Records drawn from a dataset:
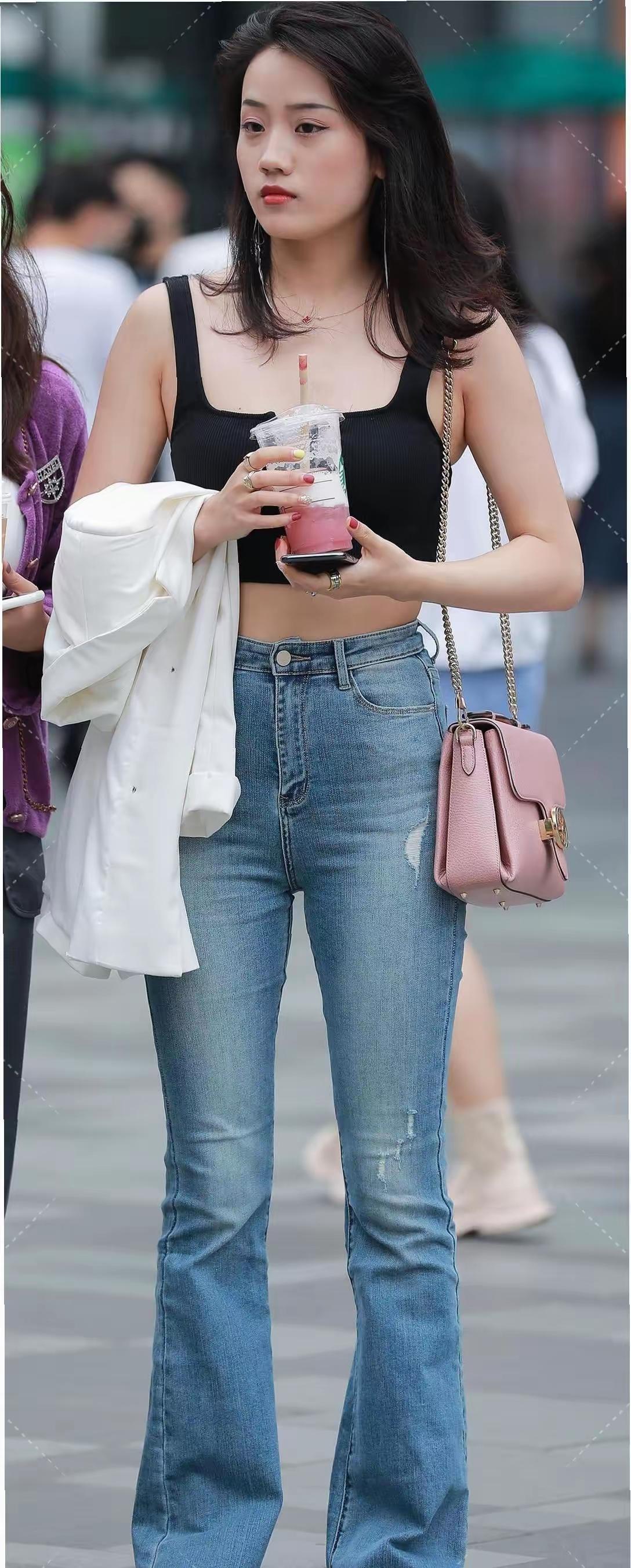 都市时尚女孩,黑色背心搭配牛仔裤,手拿粉色包包,享受夏日饮品。穿搭 街拍
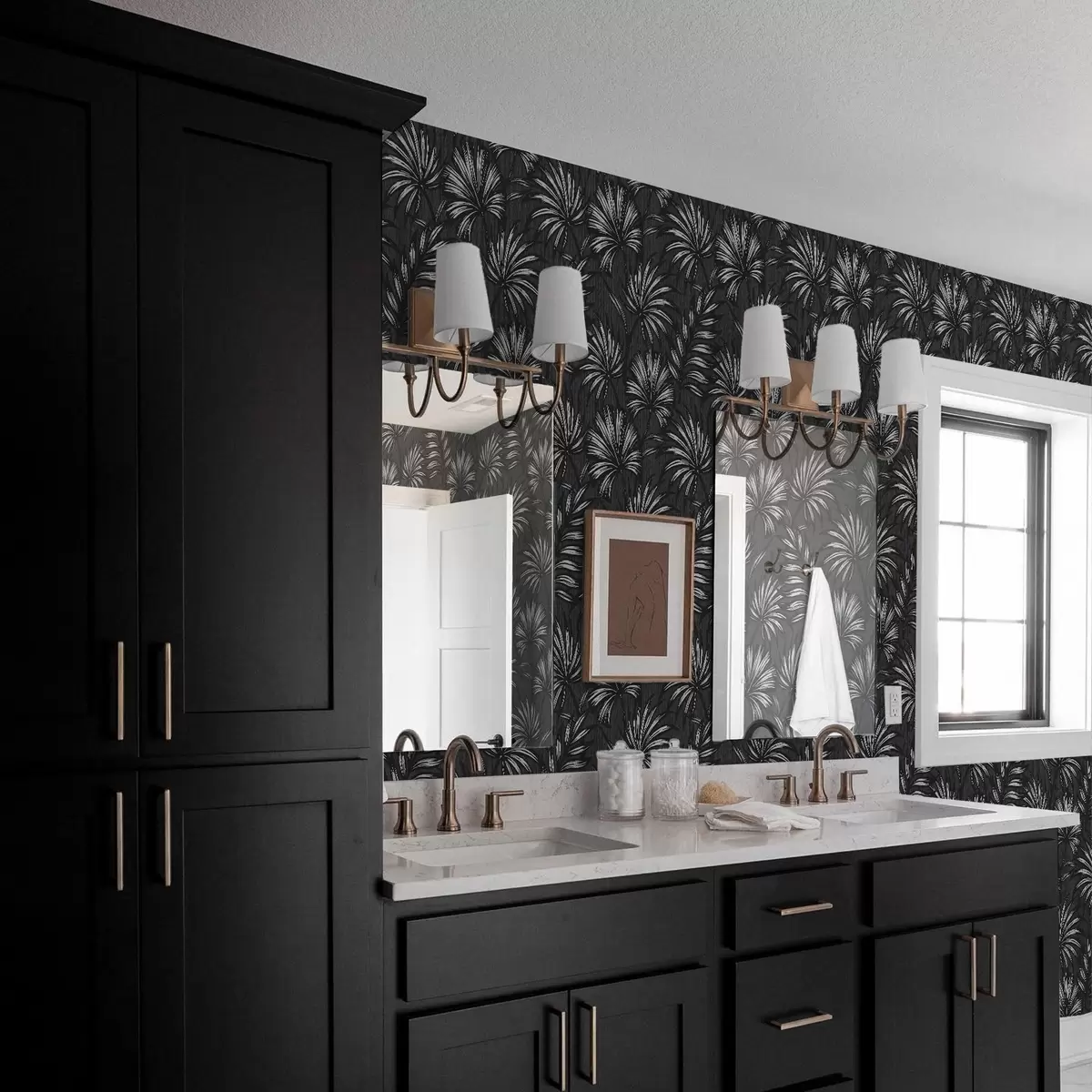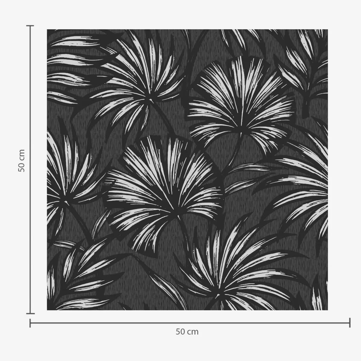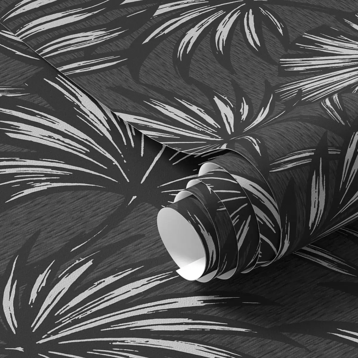 Behang Zwart-witte palmbladeren op een donkere achtergrond Nr. a00891
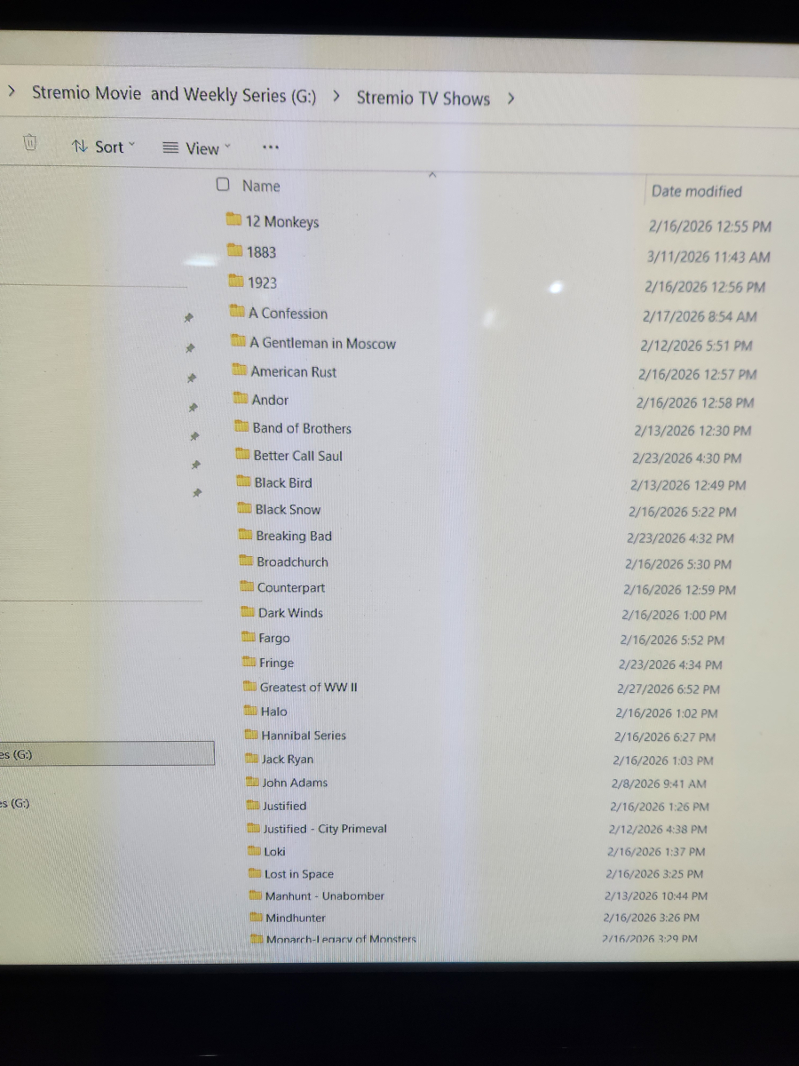 I have them under the tv shows option. The shows are located on a portable hard drive. The shows are located in individual folders with the season number then episode number then name of show in each individual folder. Example: folder for show 1883. Then in that folder will be S01E01 then name of the episode following
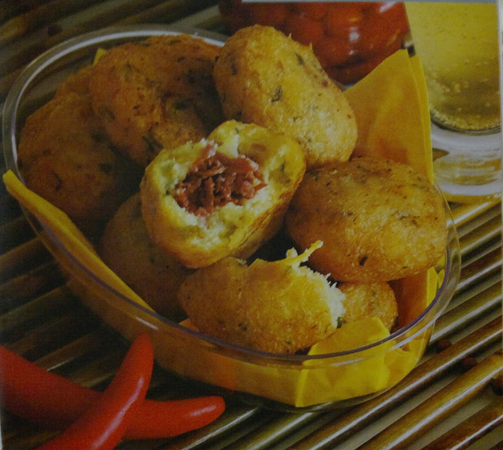 Com auxilio de um potinho de água, enrole bolinhas e passe no ovo e na farinha
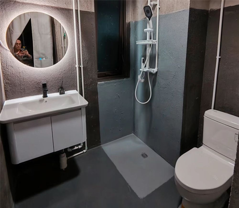 最后说说卫生间,他家的卫生间防水,是自己买材料回来做的,真的特别便宜,甚至还有富裕,即便直接在防水层上使用有所破损,自己也能及时修补,服了!
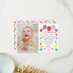 On the left side of this cute colorful invitation is a photo you can personalize with the picture of your baby girl, and on the right the text reads "Thank you berry much! Thank you for coming to my birthday party. I loved your gift and sweet well wishes. Love". You can personalize the name. The text is bordered by colorful strawberries, leaves and hearts in red, pink, yellow and green. The backsideshows a colorful strawberries and love hearts pattern.
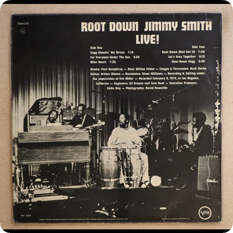 One of the organists' few indemand lp's among funkheads, live recording, features the sampled title tune, "let's stay together", "slow down sugg". Sleeve has light wear but air bubble underneath upper
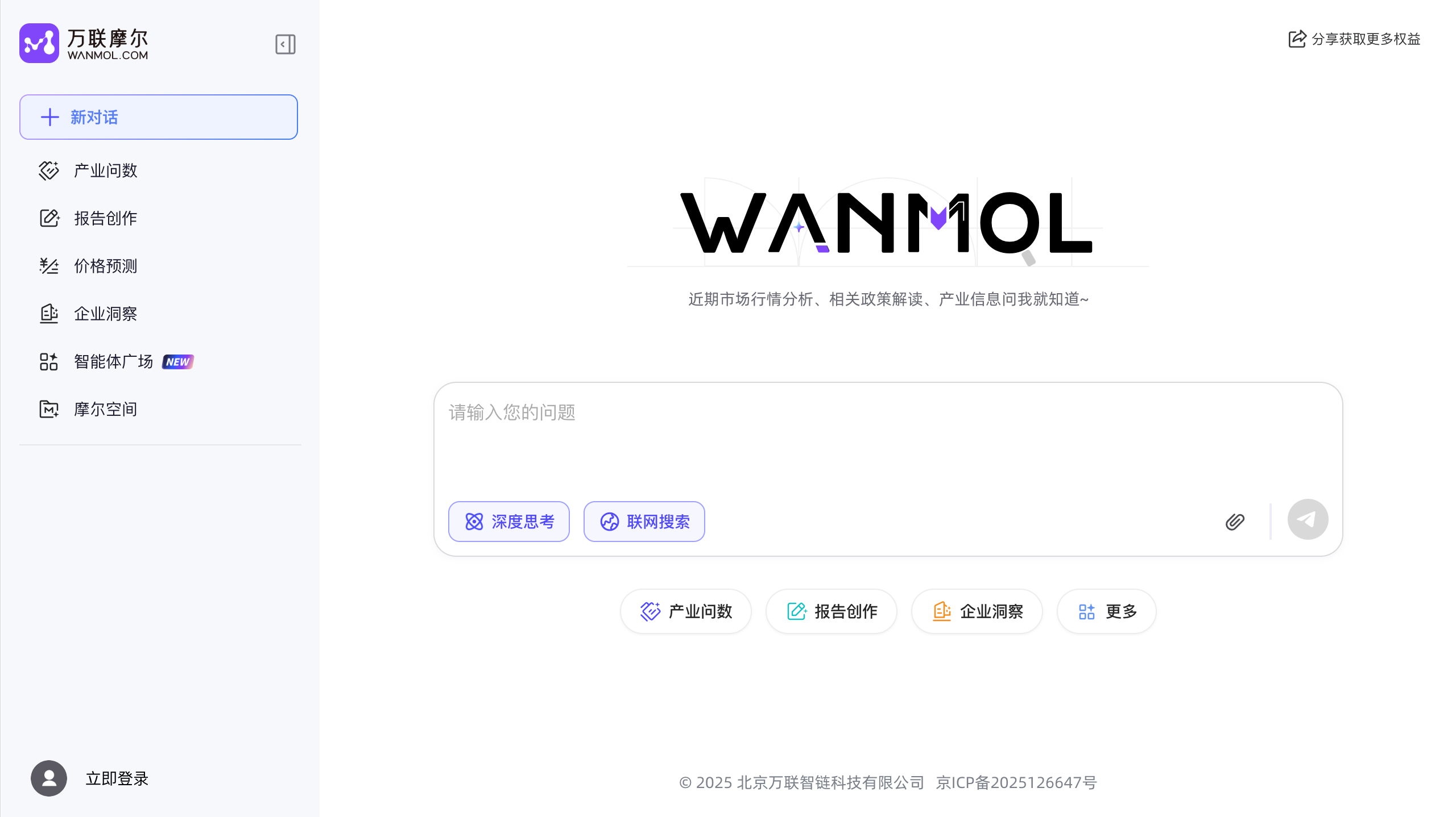 万联摩尔的目标是“让AI与产业双向奔赴”。它通过整合高质量的市场数据、真实的业务数据和垂直的产业逻辑,推动AI从简单的对话能力,向“懂产业、能决策”的方向升级。平台主要服务于金融分析师、政策研究员、企业战略规划者等专业人士,帮助他们应对数据碎片化、报告创作耗时等产业痛点,提升工作效率。

▶ WORK REQUEST
Only the lines from the one containing "One of the organists'" through the end of the records should be copied, exactly and with both ends included; the pictures should not.

▶ RESULT BELOW
 One of the organists' few indemand lp's among funkheads, live recording, features the sampled title tune, "let's stay together", "slow down sugg". Sleeve has light wear but air bubble underneath upper
 万联摩尔的目标是“让AI与产业双向奔赴”。它通过整合高质量的市场数据、真实的业务数据和垂直的产业逻辑,推动AI从简单的对话能力,向“懂产业、能决策”的方向升级。平台主要服务于金融分析师、政策研究员、企业战略规划者等专业人士,帮助他们应对数据碎片化、报告创作耗时等产业痛点,提升工作效率。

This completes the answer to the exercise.